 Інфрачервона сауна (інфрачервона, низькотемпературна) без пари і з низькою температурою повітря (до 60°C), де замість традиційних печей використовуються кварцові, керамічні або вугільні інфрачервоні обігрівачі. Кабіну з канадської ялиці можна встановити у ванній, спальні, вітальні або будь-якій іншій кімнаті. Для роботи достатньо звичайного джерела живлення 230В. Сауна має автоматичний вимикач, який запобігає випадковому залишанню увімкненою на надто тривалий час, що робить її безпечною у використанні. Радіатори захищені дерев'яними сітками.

• • • • • • •

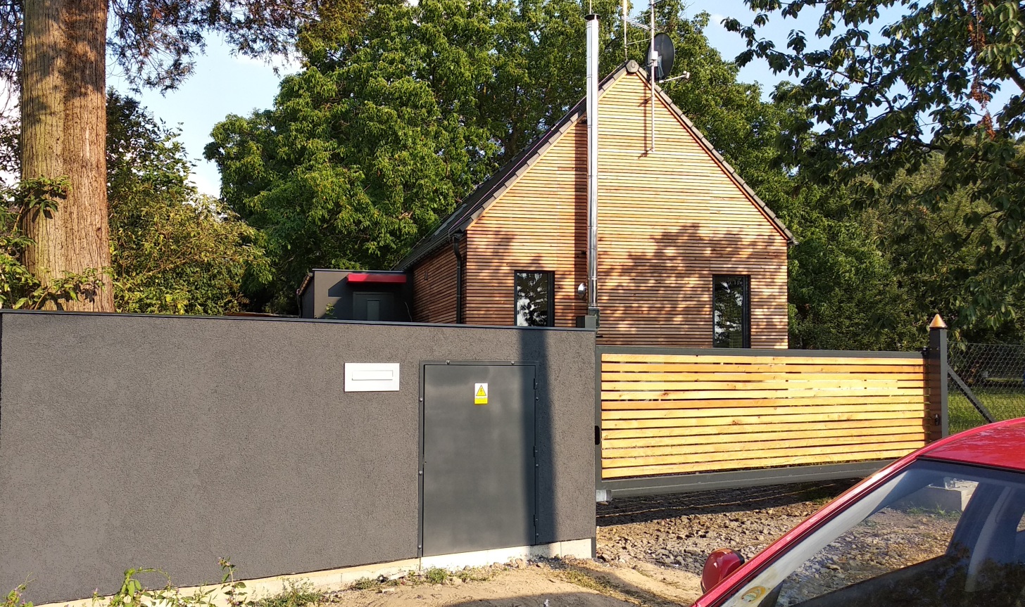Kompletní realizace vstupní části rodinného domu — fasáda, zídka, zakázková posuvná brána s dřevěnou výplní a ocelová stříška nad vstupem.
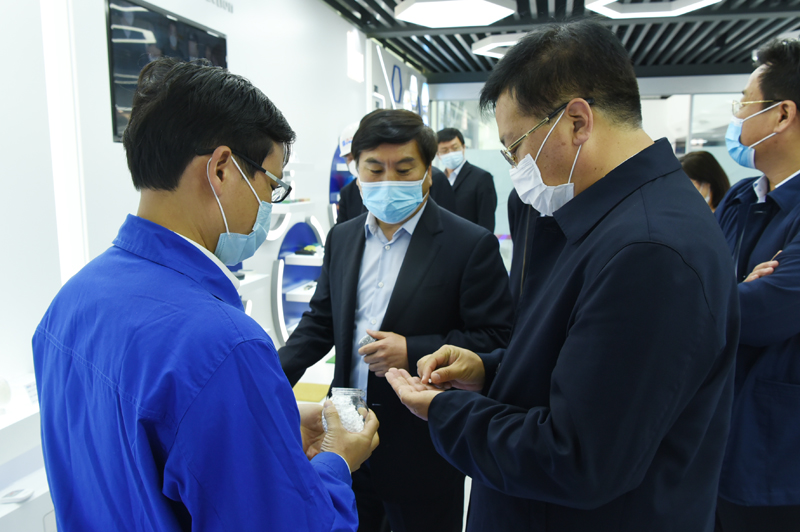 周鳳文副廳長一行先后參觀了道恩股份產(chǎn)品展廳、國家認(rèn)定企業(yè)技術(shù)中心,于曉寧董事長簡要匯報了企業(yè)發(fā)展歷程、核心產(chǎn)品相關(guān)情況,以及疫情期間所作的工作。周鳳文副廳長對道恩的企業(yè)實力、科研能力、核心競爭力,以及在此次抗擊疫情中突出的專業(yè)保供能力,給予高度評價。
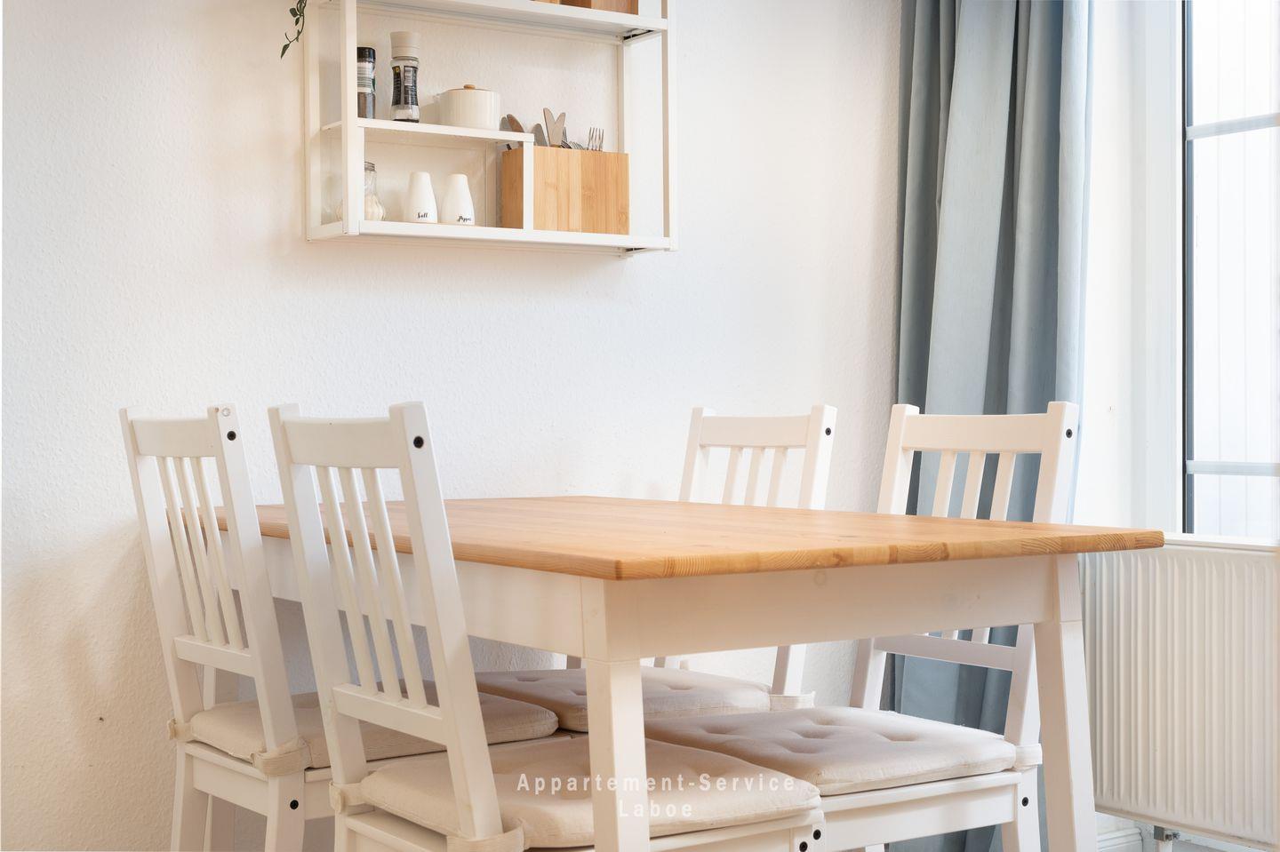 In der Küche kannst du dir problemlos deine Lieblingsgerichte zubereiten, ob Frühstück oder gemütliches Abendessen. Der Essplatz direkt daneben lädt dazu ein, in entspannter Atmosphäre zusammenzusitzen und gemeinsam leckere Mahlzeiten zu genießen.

• • • • • • •

=== What this task involves ===
Starting with the line above that holds "周鳳文副廳長一行先后參觀了道", restate each line word for word up to and including the line that holds "In der Küche". Drop the pictures.

=== Your response ===
 周鳳文副廳長一行先后參觀了道恩股份產(chǎn)品展廳、國家認(rèn)定企業(yè)技術(shù)中心,于曉寧董事長簡要匯報了企業(yè)發(fā)展歷程、核心產(chǎn)品相關(guān)情況,以及疫情期間所作的工作。周鳳文副廳長對道恩的企業(yè)實力、科研能力、核心競爭力,以及在此次抗擊疫情中突出的專業(yè)保供能力,給予高度評價。
 In der Küche kannst du dir problemlos deine Lieblingsgerichte zubereiten, ob Frühstück oder gemütliches Abendessen. Der Essplatz direkt daneben lädt dazu ein, in entspannter Atmosphäre zusammenzusitzen und gemeinsam leckere Mahlzeiten zu genießen.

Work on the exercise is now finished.